### [Work item]
An exact transcription of all the records, free of pictures, is the expected answer.

Records from a collection:

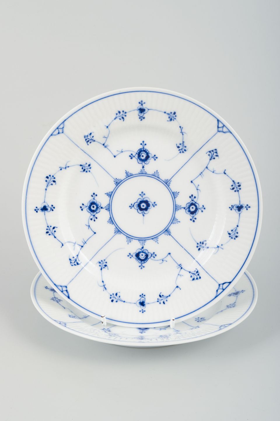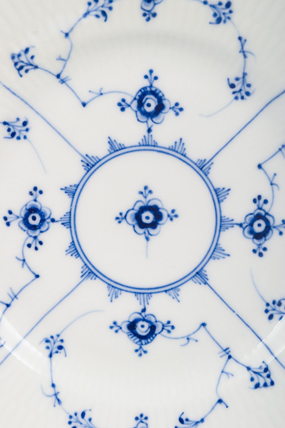 Blue Fluted is a classic porcelain design from Royal Copenhagen, first introduced in 1775. Inspired by Asian porcelain, the pattern is characterized by its blue hand-painted decorations on a white background. It exists in several variations, including Full Lace, Half Lace, and Plain (Fluted). Blue Fluted is an iconic symbol of Danish design tradition and craftsmanship and remains popular and in production to this day.
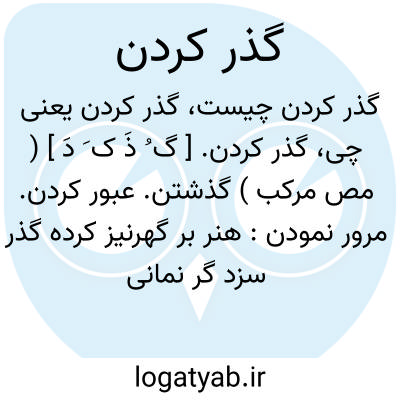 ( مصدر ) ۱ - عبور کردن گذشتن: همی رو چنین تا سر مرز هند وز اینجا گذر کن بدریای سند. ۲ - داخل شدن تیر در موضعی و از آن بیرون رفتن: آری آن تیر از او چو کرد گذر شد گشاده بر او دو چشم دگر. ( جامی ) ۳ - تجاوز کردن رحجان داشتن: هنر بر گهر نیز کرده گذر سزد گر نمانی بترکان هنر. یا گذر کردن بر دست کسی. بدست کسی آمدن و بیرون رفتن چیزی: این شیخ با این همه جاه و قبول و مال بسیار که بر دست او گذر میکند...
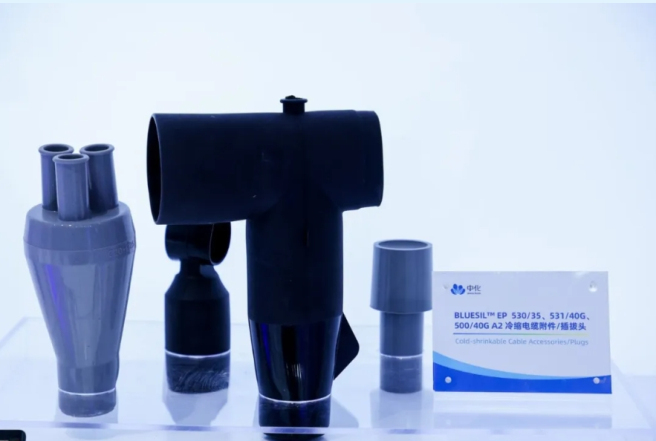 亮點3:多元布局? 助力新能源產業發展 中國中化是新能源領域用化工新材料供應品種數量和供應規模均領先的中央企業之一,構建了以鋰電池、風電、光伏產業用關鍵材料為重點,品種豐富、技術領先的新能源化工新材料產業體系。 光伏綠電 中國中化帶來在光伏、綠電領域最新成果:高性能含氟膜材料PVF薄膜有助于實現光伏組件輕量化,也是新能源、建筑、防腐等領域的重要原材料;采用BLUESIL? EP系列材料制造的冷縮電纜附件與插拔頭,具有極低的拉伸永久變形率、卓越的斷裂伸長率以及強大的抗撕裂性能,是綠色電力設施的理想之選。
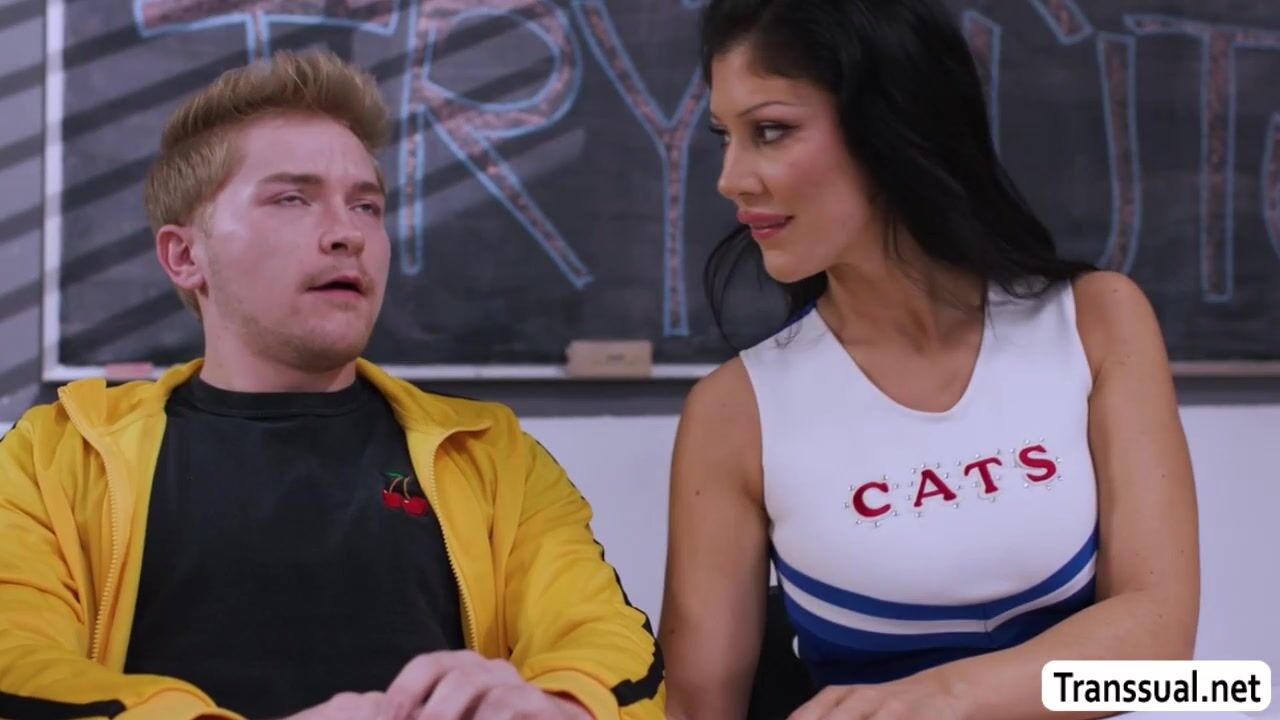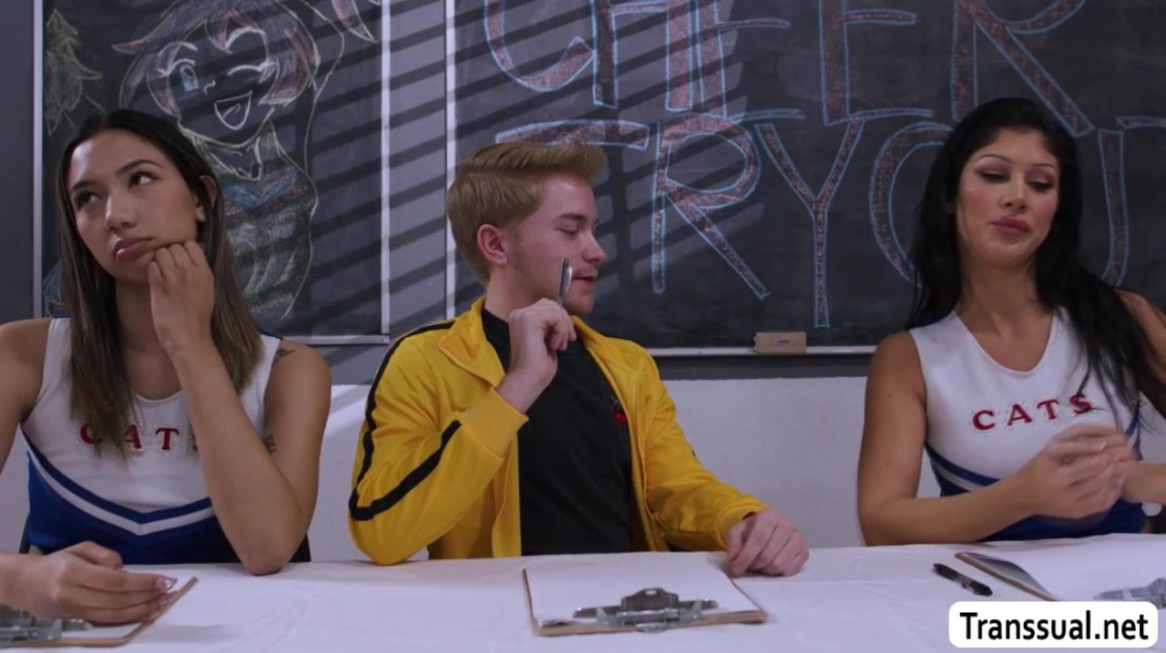 Big tits TS blonde audition for a cheerleader in their campus and the judge gets horny after seeing her shecock.They start kissing each other and judge sucks her shemeat passionately and in return,she fucks her pussy and go to Transsual.net.
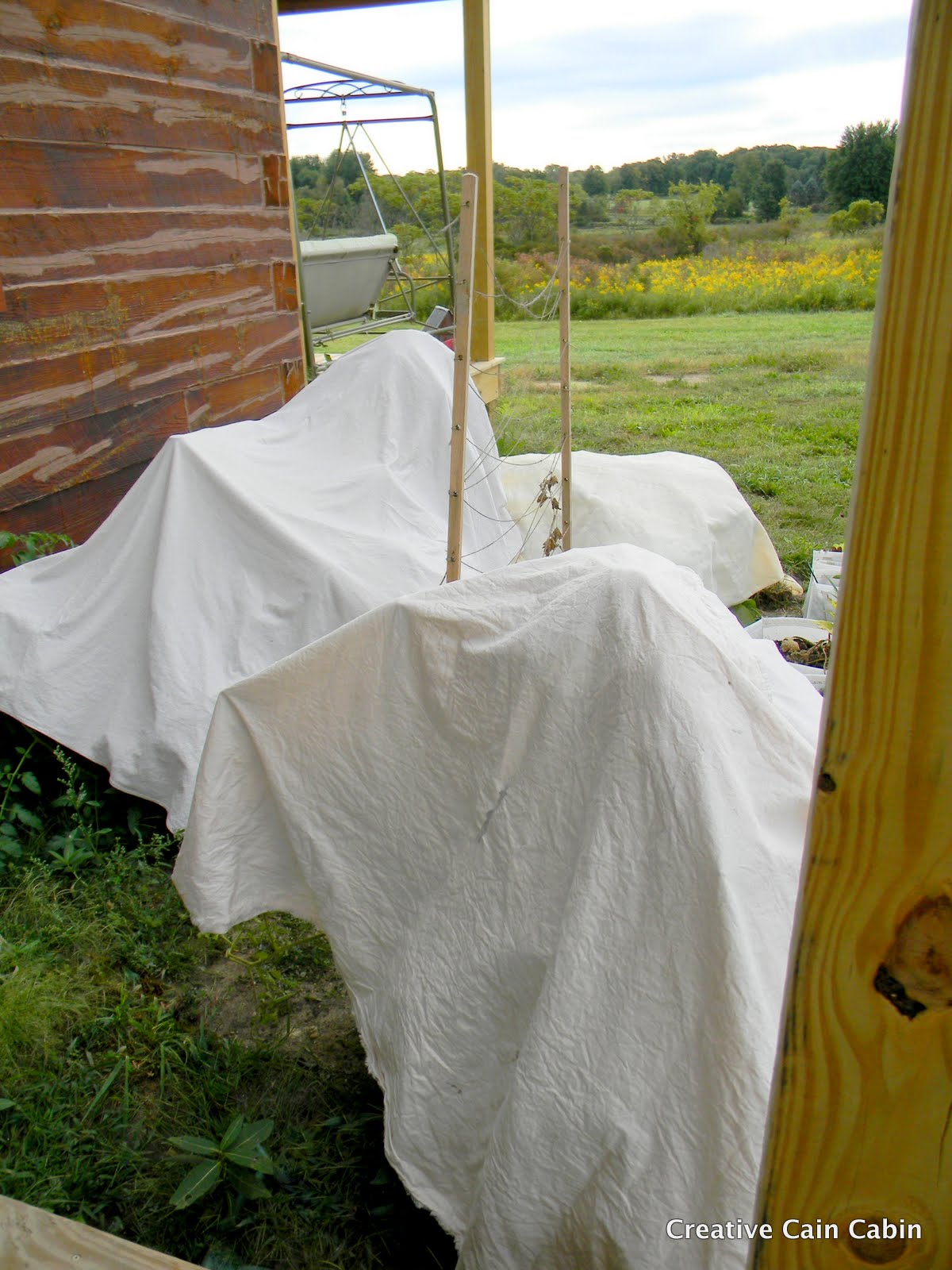 First I thought you were decorating for Halloween. Then I thought it was the chance of frost. Then I went back to the idea of you decorating. Too funny. Your tomato plants look great. I should send you a picture of my one plant. It has 3 tiny tomatoes on it.
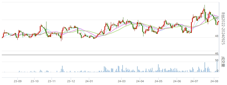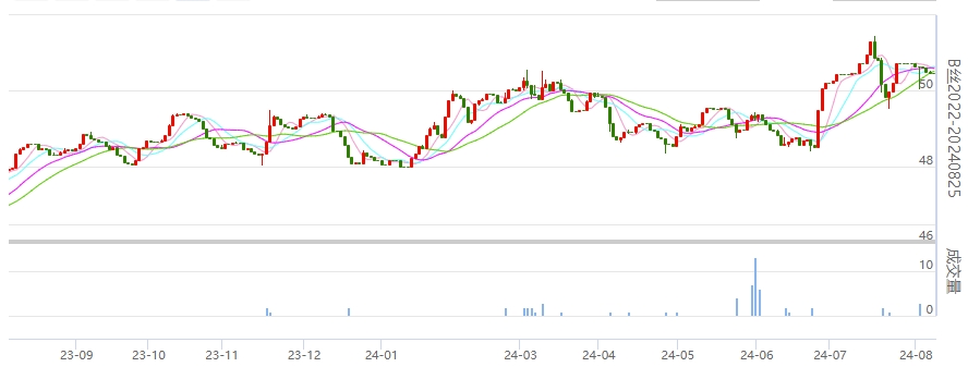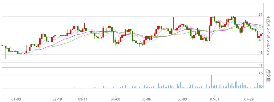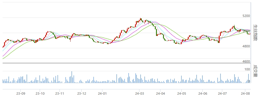 今日(2024年08月08日,周四)中國繭絲綢交易市場生絲電子指數(shù)微漲0.05%報4988.48點。B絲2022D(商檢4A級生絲):240825合約報平收于50.46萬元;240925合約上漲0.12萬元報收于49.86萬元;250325合約上漲0.03萬元報收于49.65萬元。

### [The answer]
 Blue Fluted is a classic porcelain design from Royal Copenhagen, first introduced in 1775. Inspired by Asian porcelain, the pattern is characterized by its blue hand-painted decorations on a white background. It exists in several variations, including Full Lace, Half Lace, and Plain (Fluted). Blue Fluted is an iconic symbol of Danish design tradition and craftsmanship and remains popular and in production to this day.
 ( مصدر ) ۱ - عبور کردن گذشتن: همی رو چنین تا سر مرز هند وز اینجا گذر کن بدریای سند. ۲ - داخل شدن تیر در موضعی و از آن بیرون رفتن: آری آن تیر از او چو کرد گذر شد گشاده بر او دو چشم دگر. ( جامی ) ۳ - تجاوز کردن رحجان داشتن: هنر بر گهر نیز کرده گذر سزد گر نمانی بترکان هنر. یا گذر کردن بر دست کسی. بدست کسی آمدن و بیرون رفتن چیزی: این شیخ با این همه جاه و قبول و مال بسیار که بر دست او گذر میکند...
 亮點3:多元布局? 助力新能源產業發展 中國中化是新能源領域用化工新材料供應品種數量和供應規模均領先的中央企業之一,構建了以鋰電池、風電、光伏產業用關鍵材料為重點,品種豐富、技術領先的新能源化工新材料產業體系。 光伏綠電 中國中化帶來在光伏、綠電領域最新成果:高性能含氟膜材料PVF薄膜有助于實現光伏組件輕量化,也是新能源、建筑、防腐等領域的重要原材料;采用BLUESIL? EP系列材料制造的冷縮電纜附件與插拔頭,具有極低的拉伸永久變形率、卓越的斷裂伸長率以及強大的抗撕裂性能,是綠色電力設施的理想之選。
 Big tits TS blonde audition for a cheerleader in their campus and the judge gets horny after seeing her shecock.They start kissing each other and judge sucks her shemeat passionately and in return,she fucks her pussy and go to Transsual.net.
 First I thought you were decorating for Halloween. Then I thought it was the chance of frost. Then I went back to the idea of you decorating. Too funny. Your tomato plants look great. I should send you a picture of my one plant. It has 3 tiny tomatoes on it.
 今日(2024年08月08日,周四)中國繭絲綢交易市場生絲電子指數(shù)微漲0.05%報4988.48點。B絲2022D(商檢4A級生絲):240825合約報平收于50.46萬元;240925合約上漲0.12萬元報收于49.86萬元;250325合約上漲0.03萬元報收于49.65萬元。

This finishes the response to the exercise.